Price v. EMPIRE LAND COMPANY , 218 Ga. 80 ( 1962 )


Menu:
  • 218 Ga. 80 (1962)
    126 S.E.2d 626

    PRICE
    v.
    EMPIRE LAND COMPANY et al.

    21659.

    Supreme Court of Georgia.

    Argued May 15, 1962.
    Decided June 25, 1962.

    *84 John L. Watson, Jr., Hugh P. Futrell, Jr., Kemp & Watson, for plaintiff in error.

    Robert Smalley, John B. Miller, contra.

    QUILLIAN, Justice.

    No precept is more firmly established in our law than that this court will not disturb or control the trial judge's discretion in either denying or granting an interlocutory injunction, in the absence of legal abuse of such discretion. Cubbedge & Hazlehurst v. Adams, 42 Ga. 124; Cherokee Iron Co. v. Jones, 52 Ga. 276; Loadman v. Davis, 210 Ga. 520 (81 SE2d 465); Dozier v. Mangham, 215 Ga. 718 (113 SE2d 212). This is true where there is any conflict as to material issues of the case. Jones v. Johnson, 60 Ga. 260; Roughton v. Thiele *85 Kaolin Co., 211 Ga. 15 (83 SE2d 590); Hutchins v. Williams, 212 Ga. 754 (95 SE2d 674). The reasons for this rule are succinctly and pointedly brought out in the case of Kirtland v. Mayor &c. of Macon, 62 Ga. 747, 750, where Justice Bleckley stated: "Injunction ad interim is a part of equity police. It is a device to keep the parties in order to prevent one from hurting the other whilst their respective rights are under adjudication. There is often a cry for police when there is no real danger. The equity of a bill is not lost because an injunction is denied, or because it is not applied for before the final hearing." (Emphasis supplied).

    Equity intervenes by grant of an interlocutory injunction to prevent irreparable damage to one of the parties and to maintain the status quo until a final determination is made. Mobley v. Brundage, 170 Ga. 829 (154 SE 452); City of Elberton v. Hobbs, 121 Ga. 749 (49 SE 779); Edwards v. United Food Brokers Inc., 195 Ga. 1, 8 (22 SE2d 812); First Fed. Savings &c. Assn. v. Owen, 210 Ga. 424 (80 SE2d 169). In short, there must be some vital necessity for the injunction so that one of the parties will not be damaged and left without adequate remedy.

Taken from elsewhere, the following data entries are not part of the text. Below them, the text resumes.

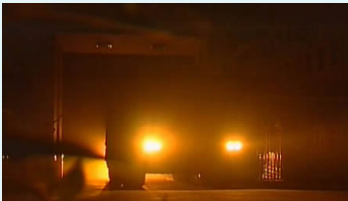
A Chinese mobile missile launcher, possibly for the DF-11 or DF-15 SRBM, emerges from an underground facility at an unknown location.

The Pentagon report states that China has “developed and utilized UGFs [underground facilities] since deploying its oldest liquid-fueled missile systems and continue today to utilize them to protect and conceal their newest and most modern solid-fueled mobile missiles.” So it is not new but it is also being used for modern missiles.
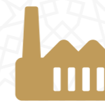
Trade & Industrial Investments
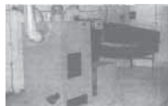
Chain-driven conveyor attaches to stove. When the spring-loaded grill lifts up, triggering conveyor, wood burns down.

When the switch on the grate shaft signals for more wood, the cog turns, opening the door. The conveyor dumps the load from the first section onto the grate. As the cog continues to turn, it closes the stove door and the weight of the wood on the grate shuts off the switch.

    In this case, the plaintiff attempted to introduce evidence to support his contentions that the actions of the defendants materially contributed to the pollution of the stream, to the seepage of water and the depositing of mud upon his lands, and that water from the flume hitting at a point outside the old stream bed caused water to flow unnaturally over his land, causing swampy conditions, erosion and washing, all to the great hurt and damage of the plaintiff.

    To some degree, the plaintiff proved his case as laid without conflict. However, there was material conflict as to the quantum of damages, as well as the continuance, or certainty of the continuing nature, of the damages during the interim period from the hearing until the time of the final disposition of the case. The testimony of the witnesses was not at all conclusive as to the manner, extent or certainty of damage to the plaintiff's property, nor that such damage would be irreparable. Most important, the evidence did not disclose that an injunction would *86 be necessary to protect the plaintiff's interests during the pendency of the suit.

    Upon a careful review of the record here before us, whatever may be the rights of the respective parties on a trial of the case, we can not say the trial judge abused his discretion in denying the interlocutory injunction.

    Judgment affirmed. All the Justices concur.